Work request: The whole listing below must be printed again exactly, images excluded.

Given data:
=== Section Start ===

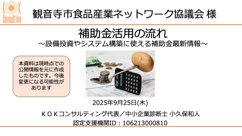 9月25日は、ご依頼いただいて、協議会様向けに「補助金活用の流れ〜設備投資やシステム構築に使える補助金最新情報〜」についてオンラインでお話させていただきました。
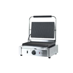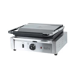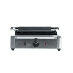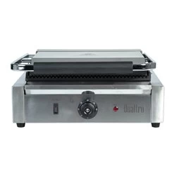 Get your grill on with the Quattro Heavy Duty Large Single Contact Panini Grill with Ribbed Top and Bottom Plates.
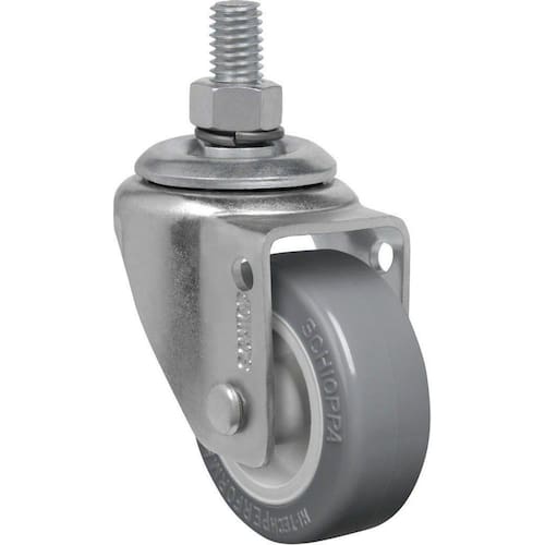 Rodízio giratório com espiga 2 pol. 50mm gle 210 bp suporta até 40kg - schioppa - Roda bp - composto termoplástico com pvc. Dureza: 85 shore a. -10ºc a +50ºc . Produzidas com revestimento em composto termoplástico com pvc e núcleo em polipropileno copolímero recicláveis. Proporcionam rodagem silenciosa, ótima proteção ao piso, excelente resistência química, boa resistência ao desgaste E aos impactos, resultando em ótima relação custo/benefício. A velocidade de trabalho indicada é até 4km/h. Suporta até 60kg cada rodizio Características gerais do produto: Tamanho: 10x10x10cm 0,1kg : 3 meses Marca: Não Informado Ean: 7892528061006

=== Section End ===

Output of the exercise:
 9月25日は、ご依頼いただいて、協議会様向けに「補助金活用の流れ〜設備投資やシステム構築に使える補助金最新情報〜」についてオンラインでお話させていただきました。
 Get your grill on with the Quattro Heavy Duty Large Single Contact Panini Grill with Ribbed Top and Bottom Plates.
 Rodízio giratório com espiga 2 pol. 50mm gle 210 bp suporta até 40kg - schioppa - Roda bp - composto termoplástico com pvc. Dureza: 85 shore a. -10ºc a +50ºc . Produzidas com revestimento em composto termoplástico com pvc e núcleo em polipropileno copolímero recicláveis. Proporcionam rodagem silenciosa, ótima proteção ao piso, excelente resistência química, boa resistência ao desgaste E aos impactos, resultando em ótima relação custo/benefício. A velocidade de trabalho indicada é até 4km/h. Suporta até 60kg cada rodizio Características gerais do produto: Tamanho: 10x10x10cm 0,1kg : 3 meses Marca: Não Informado Ean: 7892528061006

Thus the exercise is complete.